Home Grown Flax Fibres, Shive & Processing Experiments During Amanda Haran’s Derbyshire Textile Research Project
Learning How Different Parts Of The Flax Stem Behave Through Repeated Handling, Separation & Experimentation

Over time, repetition itself became important. Rather than looking for a perfectly controlled method, I wanted to build a more instinctive understanding of the flax through touch, sound, resistance and movement. Developing a repeatable approach that could work across most stems gradually became part of learning how to read the fibre itself. In many ways, this stage of the project felt less like manufacturing and more like becoming familiar with the flax's behaviour and character.


As the movements became more familiar, I also began translating parts of the learning into simple written instruction sheets to test how these methods might be shared later in workshops and public settings. Breaking the actions down into accessible stages forced me to think more carefully about what was actually happening within the fibre and which parts of the learning were genuinely transferable through demonstration and repetition. Writing the instruction sheets also revealed how difficult it can be to fully explain tactile knowledge through words alone, reinforcing how much embodied understanding sits within touch, rhythm and repeated contact with the material.


Following the initial flax cracking experiments, I began making cordage by hand to better understand how the fibres behaved once twist and tension were introduced. This stage of the research became less about producing finished outcomes and more about observing how the flax responded through repeated movement and touch. I experimented with how many flax stems were needed to create a usable cord thickness, how tightly or loosely the fibres could be twisted before weakening, and which hand positions, movements, and tensions produced the most stable and repeatable results.


Little by little, the movements became more intuitive, with small adjustments in finger placement, rhythm and tension making significant differences to the strength and behaviour of the cordage itself. Some approaches immediately felt awkward or overly complicated, while others naturally simplified the activity and made it easier to repeat consistently. Again, I found myself drawn towards methods that felt accessible, adaptable and achievable without specialist tools or expensive equipment.


Hand Twisted Flax Cordage Made From Home Grown Derbyshire Flax During Amanda Haran’s Textile Research
Allowing The Irregularities Of The Fibre To Shape The Cordage Rather Than Forcing Uniformity

Finding ways to work with flax that require minimal cost, skill, or equipment remains very important to the project's broader direction. If these approaches are eventually going to move into public workshops and community settings, they need to feel welcoming, achievable and transferable rather than technically intimidating or financially out of reach.

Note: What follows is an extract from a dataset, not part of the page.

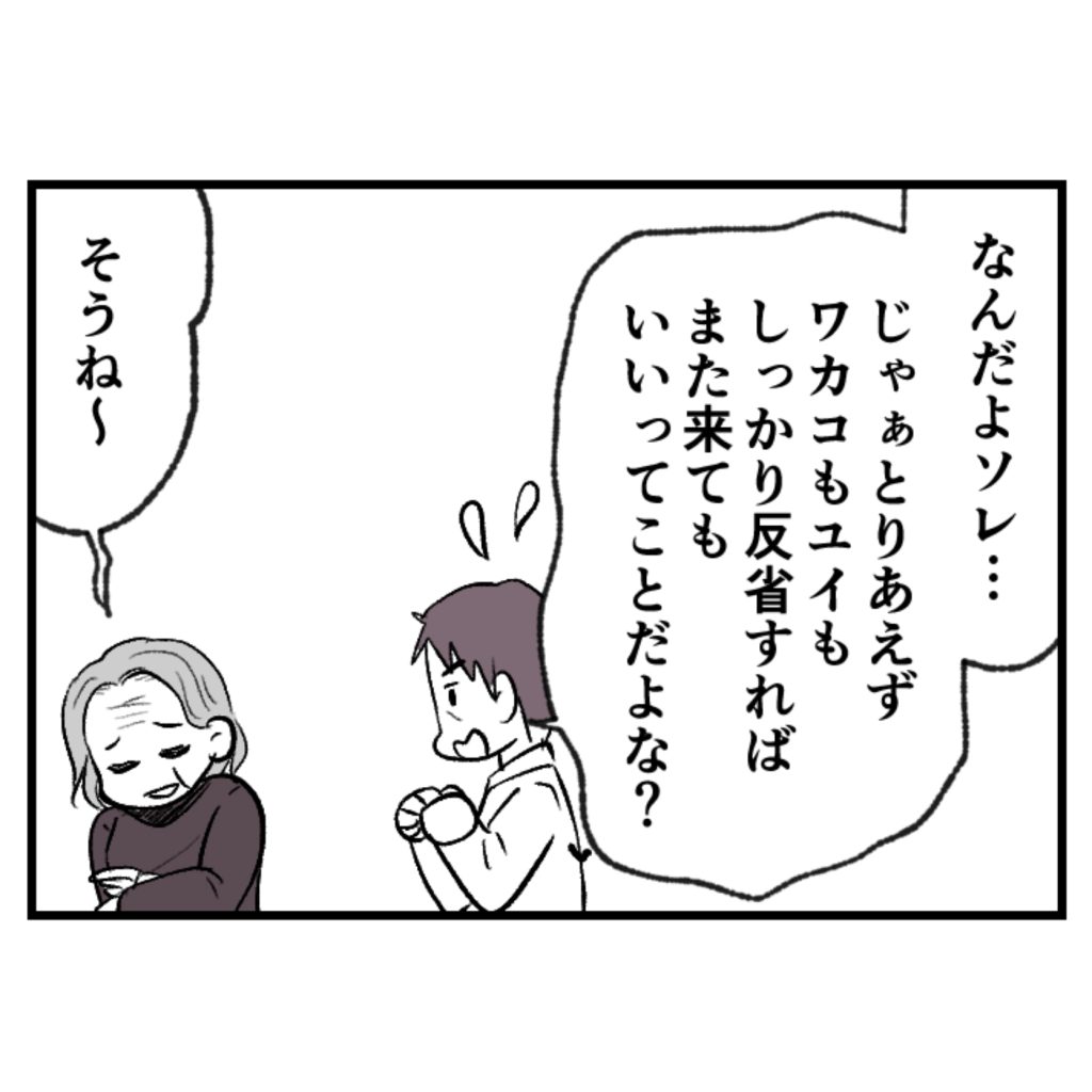 俺:「母さんがさ、これからもワカコやユイも実家に来ていいって言っているんだ! 詳しくは帰ったら話すけれど、言葉の行き違いがあったみたいで……」

Making cordage by hand also repeatedly brought me back to the original inspiration for the project: discovering the forgotten rope walk at the former Waingroves colliery site. There was something quietly significant about standing in my front garden, twisting fibre by hand whilst thinking about the physical repetition, labour and skill that once existed within the area's industrial landscape. In many ways, the cordage began to feel like a small contemporary echo of those overlooked local histories, reconnecting hand, fibre and place through repeated acts of making.


Part of the thinking behind this approach also comes from the work of Harriet Goodall, whose teaching around natural cordage and plant materials first opened up new ways of considering skill sharing, storytelling, and place-based making. I have been particularly drawn to the way she combines practical knowledge with conversations around local history, material significance and cultural memory, allowing it to become a way of reconnecting people to landscape, heritage and one another through shared experience. As I developed my own flax cracking and cordage methods, I found myself consciously drawing on aspects of this approach, thinking carefully not only about the physical processes themselves, but also about how the work might later be shared within community settings in ways that feel welcoming, meaningful and rooted in place.


Slowly, both flax cracking and cordage making began to take on an unexpectedly meditative quality. Once the bodily coordination became more understood, the repetitive rhythm of cracking stems, separating fibre and twisting cordage by hand created long periods of focused attention and quiet concentration. In many ways, the activity seemed to encourage slowness, patience and presence in a way that felt increasingly at odds with the pace and distractions of contemporary life. As with the flax cracking research, I also translated parts of the cordage making into a simple community instruction sheet. Breaking the method down into clear stages continued to deepen my own understanding whilst also testing how these forms of tactile knowledge might later be shared more widely through collective learning and public participation.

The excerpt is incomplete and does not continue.